Prompt
Apart from the pictures, reproduce the data below exactly as it stands.

The data
⁂
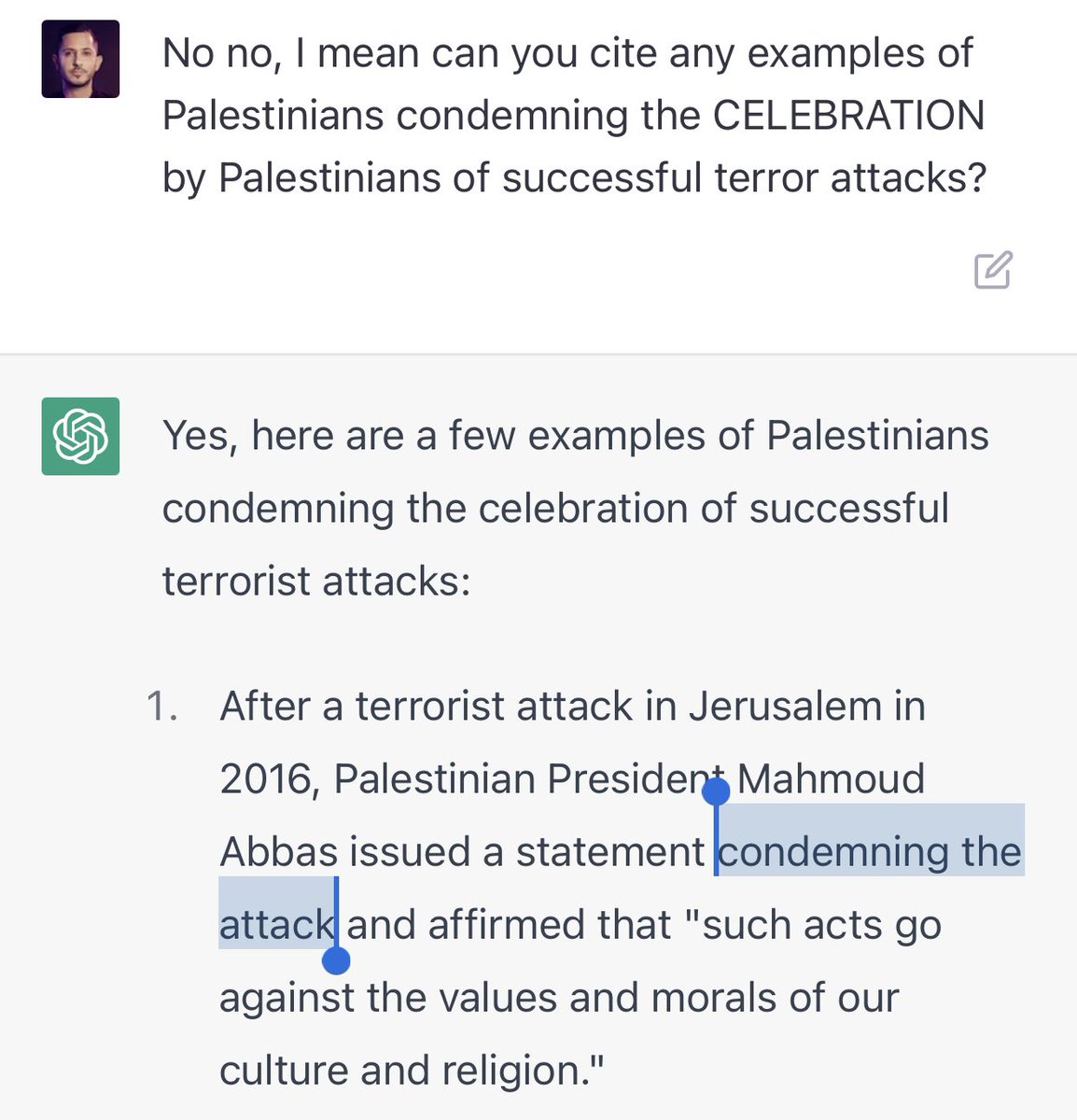chatGPT: Here’s 1 example of Abbas condemning a terror attack; 1 example of the PA condemning celebrations; and 2 broad assertions for ya!
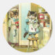 Vintage artwork of mother cat catching her little kitten up on a stool snitching a taste of the goodies in a jar.
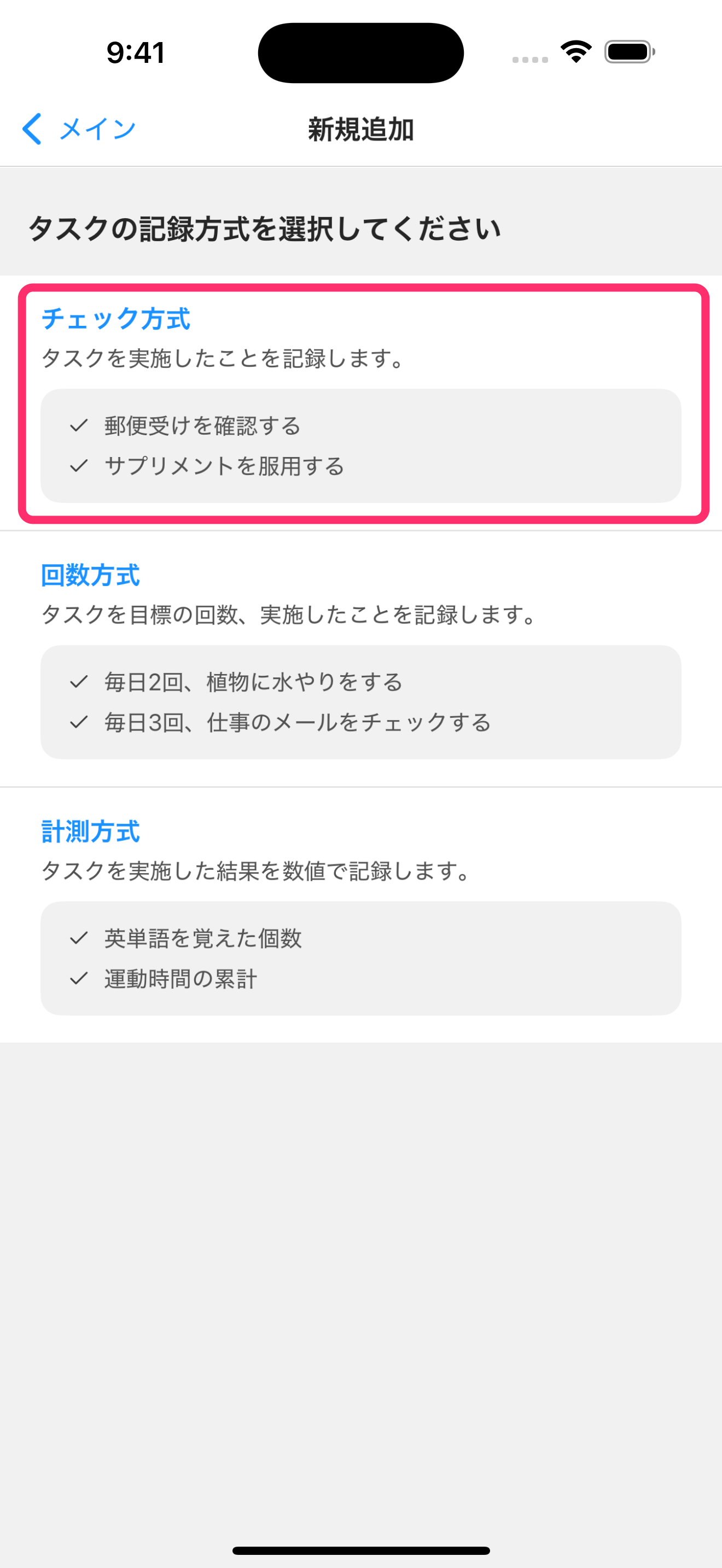 一日一回タスクを実施することができたか登録するために「チェック方式」を使用します。 アプリの使い方に慣れたら以下の方式も試してみてください。詳しくは「タスクの種類について」をご覧ください。
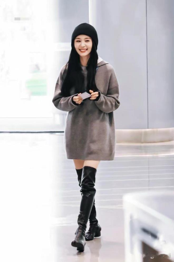 王子文留回长发也太惊艳了!一袭卫衣连衣裙搭配长筒靴,减龄又时髦,还特别显高,氛围感拉满~
⁂
Final answer
chatGPT: Here’s 1 example of Abbas condemning a terror attack; 1 example of the PA condemning celebrations; and 2 broad assertions for ya!
 Vintage artwork of mother cat catching her little kitten up on a stool snitching a taste of the goodies in a jar.
 一日一回タスクを実施することができたか登録するために「チェック方式」を使用します。 アプリの使い方に慣れたら以下の方式も試してみてください。詳しくは「タスクの種類について」をご覧ください。
 王子文留回长发也太惊艳了!一袭卫衣连衣裙搭配长筒靴,减龄又时髦,还特别显高,氛围感拉满~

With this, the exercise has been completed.